WHAT THE TASK ASKS: Repeat, line for line, only the span that opens at the "接下来对优秀实训学员、数据优" line and closes at the final line below. Skip the pictures.
-- Opening Marker --
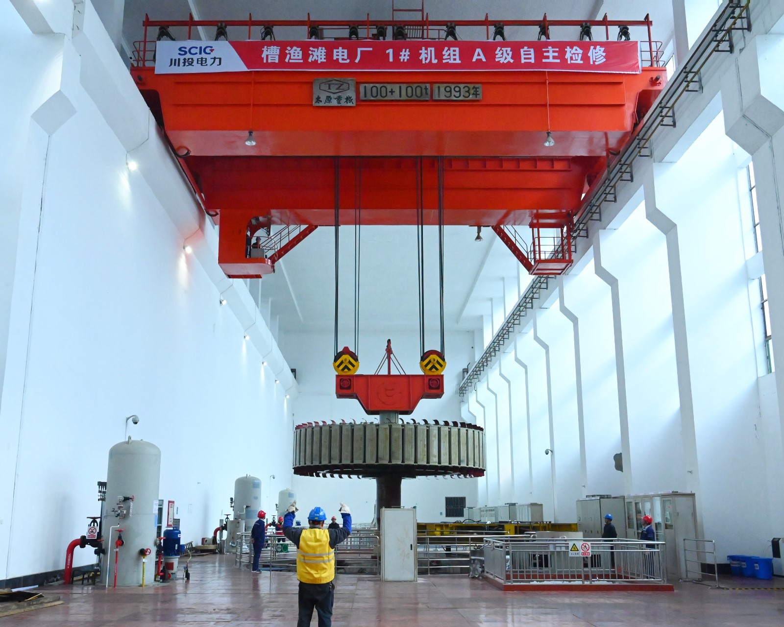 槽漁灘電廠按計劃開展了1#機(jī)組大修,2021年12月1日開工,2002年2月15日機(jī)組成功并網(wǎng)發(fā)電,檢修工期僅僅用了65天。參檢人員提前編制發(fā)電機(jī)轉(zhuǎn)子、轉(zhuǎn)輪吊裝方案,明確人員職責(zé),檢查并調(diào)校行車、吊具,規(guī)劃行徑路線,在檢修團(tuán)隊(duì)通力協(xié)作下,均一次性安全順利吊出。2#、3#機(jī)組C修以及1#主變小修、2#主變大修也于4月5日全部完工;目前正持續(xù)推進(jìn)線路保護(hù)改造工作。
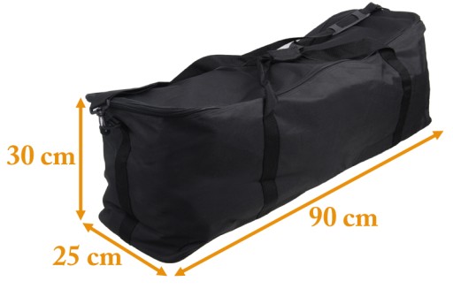 Torba posiada jedna główną komorę zapinaną na suwak, dwa paski umożliwiające przenoszenie oraz jeden długi pasek do noszenia na ramieniu. Torba nie jest usztywniana. Zaczepy paska są plastikowe. Jeśli szukasz rozwiązania, które umożliwi Ci przechowywanie statywów czy parasolek - ta torba będzie satysfakcjonującym rozwiązaniem w przystępnej cenie. Jeśli potrzebujesz torby do lamp studyjnych, polecamy inne torby na naszych aukcjach. Torba jest naprawdę duża, dzięki czemu zmieści się w niej dużo statywów i parasolek.
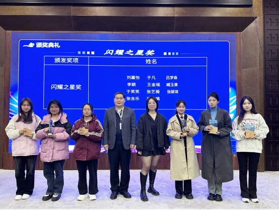 接下来对优秀实训学员、数据优异学员以及闪耀之星学员进行表彰。2023级电子商务3班李颖同学作为优秀员工代表上台发言,分享了他在实战项目中的经验和感悟。
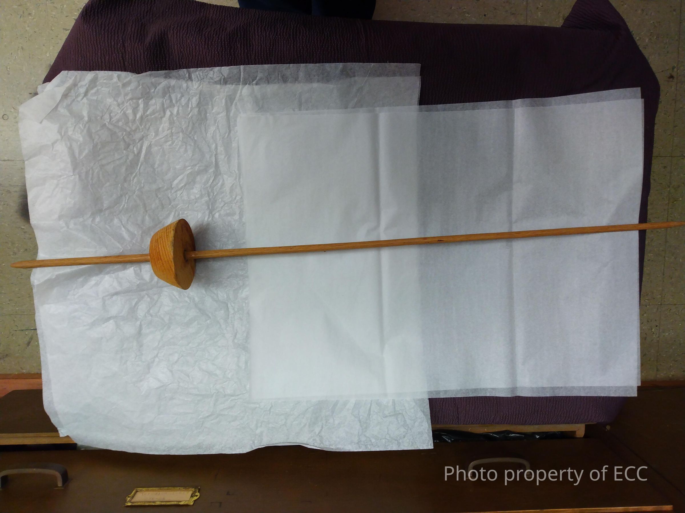 A wooden spindle that is pointed at the distal end as well as the end closer to the whorl. The whorl appears to have been attached using a hot glue gun or some other hard, clear adhesive. There are no distinctive markings or incisions.Collection
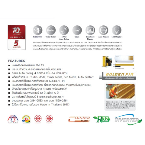 รับประกันอะไหล่ 5 ปี และคอมเพรสเซอร์ยาวนาน 10 ปี
-- Closing Marker --
TASK SOLUTION:
 接下来对优秀实训学员、数据优异学员以及闪耀之星学员进行表彰。2023级电子商务3班李颖同学作为优秀员工代表上台发言,分享了他在实战项目中的经验和感悟。
 A wooden spindle that is pointed at the distal end as well as the end closer to the whorl. The whorl appears to have been attached using a hot glue gun or some other hard, clear adhesive. There are no distinctive markings or incisions.Collection
 รับประกันอะไหล่ 5 ปี และคอมเพรสเซอร์ยาวนาน 10 ปี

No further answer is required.